Burak ÖZCAN / GENÇLİK


Müsavat’ın Hesabı…

O artık hesabını, CHP’den kapacağı milletvekili kontenjanına göre yapmaya başladı.


Meral Akşener’in bıraktığı yerden genel başkanlık koltuğunu devralan Müsavat Dervişoğlu’nu, partilileri istifalarla karşıladı.

Milletvekilleri, belediye başkanları peş peşe istifa ettiklerini açıkladı.

İstifa fırtınası sadece partinin üst kademesinde esmedi.

Birçok il ve ilçe yöneticisi, “Zaten bitmiş olan İYİ Parti’nin bugün fişi çekildi.

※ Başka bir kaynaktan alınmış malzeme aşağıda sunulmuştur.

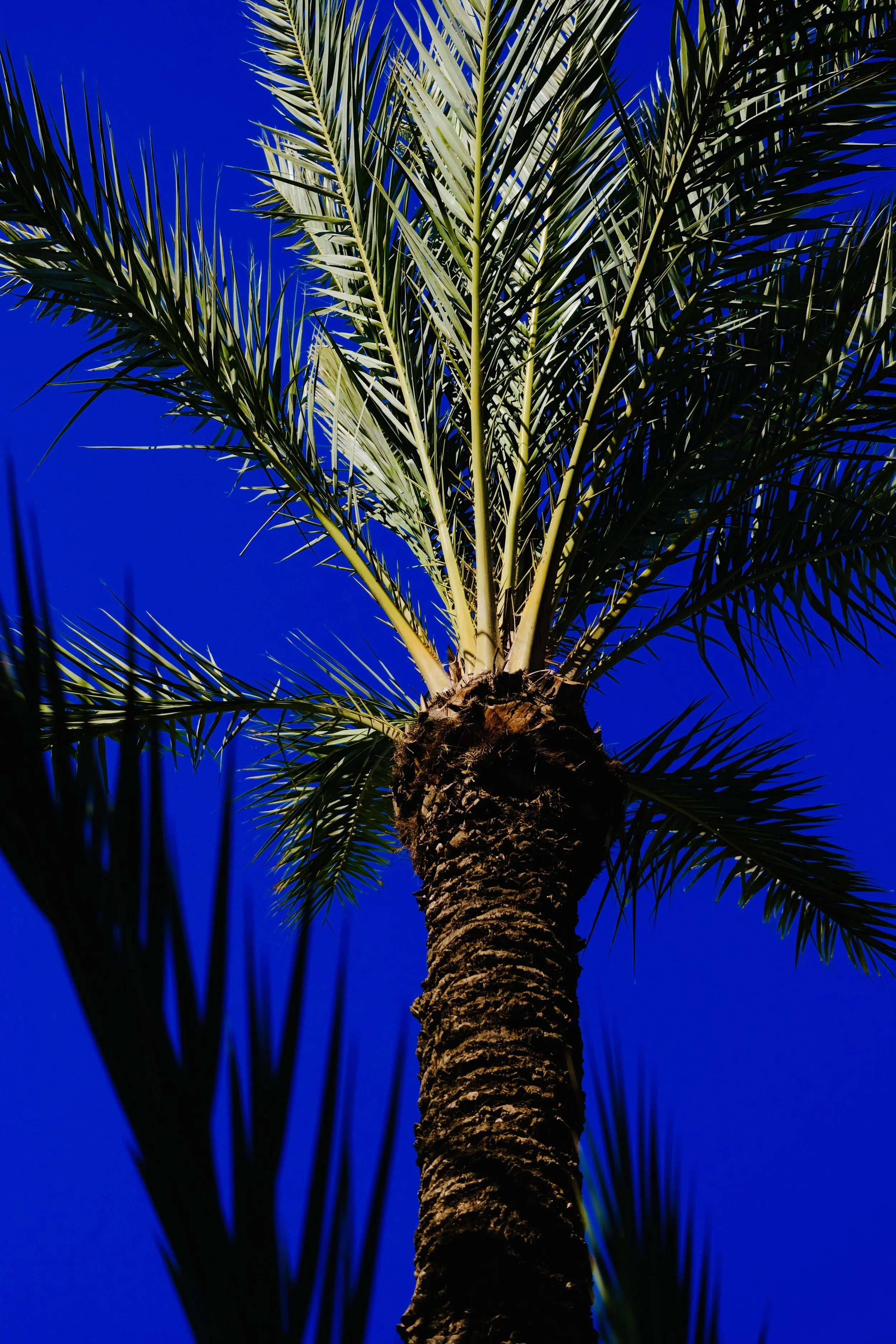 Close-up of a palm tree with a rough textured trunk and green fronds against a clear blue sky.

Emek hırsızlarını Allah’a havale ediyorum” diyerek İP’ten ayrıldı.

***
İP’teki istifa fırtınası dinmek bir yana, adeta kasırgaya döndüğü günlerde Dervişoğlu ilginç bir açıklamaya imza attı.

“Ben yüzde 50+1’le bu ülkeyi yönetmeye talibim” dedi.

Sonradan bu sözlerin resmi adaylık ilanı anlamına gelmediği açıklansa da Dervişoğlu gerektiğinde cumhurbaşkanı adayı rolüne hazır olduğu imasını
sürdürdü.

Mesela…

“Yolsuzluk, rüşvet ve terör” soruşturmaları nedeniyle tutuklu yargılanan Ekrem İmamoğlu’na sahip çıkarken, Mansur Yavaş’ın CHP’den aday gösterilmemesi halinde partisinden aday olup olamayacağı sorusunu
geçiştirdi.

Bu soruyu cevaplamak yerine “Bana da ‘siz aday olur musun’ sorusunu yöneltiyorlar” sözleriyle kendisini muhalefetin alternatif santrforu olarak sahaya sürdü.

***
Dervişoğlu’na sadece bazı yardımcıları kulak verdi.

İP’in genel başkan yardımcıları çıktıkları televizyon programlarında Dervişoğlu’nun “ne denli muhteşem bir santrfor” olduğunu anlatmaya başladı.

Ne Dervişoğlu ne de ekibi partideki eriyişin artık geri dönüşü olmayan noktaya geldiğini görebildi.

Gerçeklere gözlerinin ne denli kapalı olduğunu ise Terörsüz Türkiye’ye karşı sergilenen fütursuz duruş kanıtladı.

***
Dervişoğlu’nun Terörsüz Türkiye hedefi açıklandığından beri söylemediği yalan, atmadığı iftira kalmadı.

Terörsüz Türkiye’yi “ihanet süreci” olarak tanımladı.

Terörsüz Türkiye’nin “birlik ve bütünlüğümüze kast edeceğini” savundu.

Terörsüz Türkiye ile “Türk milletinin aldatıldığını” öne sürdü.

Nitekim…
TBMM’de kurulan “Milli Dayanışma, Kardeşlik ve Demokrasi Komisyonu”na üye vermedi.

Kurulan komisyonu “komisyonculukla” suçladı.

***
Son olarak yanına Zafer Partisi, Milli Yol Partisi, ATA Parti, Kutlu Parti ve Bağımsız Türkiye Partisi’ni alarak Bursa’da Terörsüz Türkiye karşıtlığının birinci vazifesi olduğunu duyurdu.

Bursa mitingi, bir avuç partilinin toplanması neticesinde gerçekleştirildi.

Ortaya çıkan tablo tam bir fiyaskoydu.

Miting öncesi dillendirilen altı partinin kuracağı ittifak söylentileri, miting sonrası rafa kaldırıldı.

***
Dervişoğlu, Bursa fiyaskosunun hemen ardından soluğu CHP’nin kanalı Sözcü TV'de aldı.

CHP’ye “Sistemden kurtulmak için ortak bir Cumhurbaşkanı adayında birleşmek durumundayız. Ama sistemi doğru yürütmek için güçlü bir parlamentoya ihtiyacımız var” çağrısında bulundu.

Terörsüz Türkiye üzerinden yürüttüğü Cumhur İttifakı karşıtlığına, uzun bir süredir rafta beklettiği sistem tartışmasını ekleyerek CHP’ye dümeni kırdı.

Sözün özü, Bursa’da toplanan kalabalık Dervişoğlu’nun gözlerini açtı.

Cumhurbaşkanı adayı olma hayali kurarken nihayet gerçeklerle yüzleşti.

Dervişoğlu Bursa’da iddia edildiği gibi muazzam bir kalabalığa hitap etmiş olsaydı, CHP’ye selektör atan açıklamalarda bulunur muydu?

Elbette hayır.

O artık hesabını, CHP’den kapacağı milletvekili kontenjanına göre yapmaya başladı.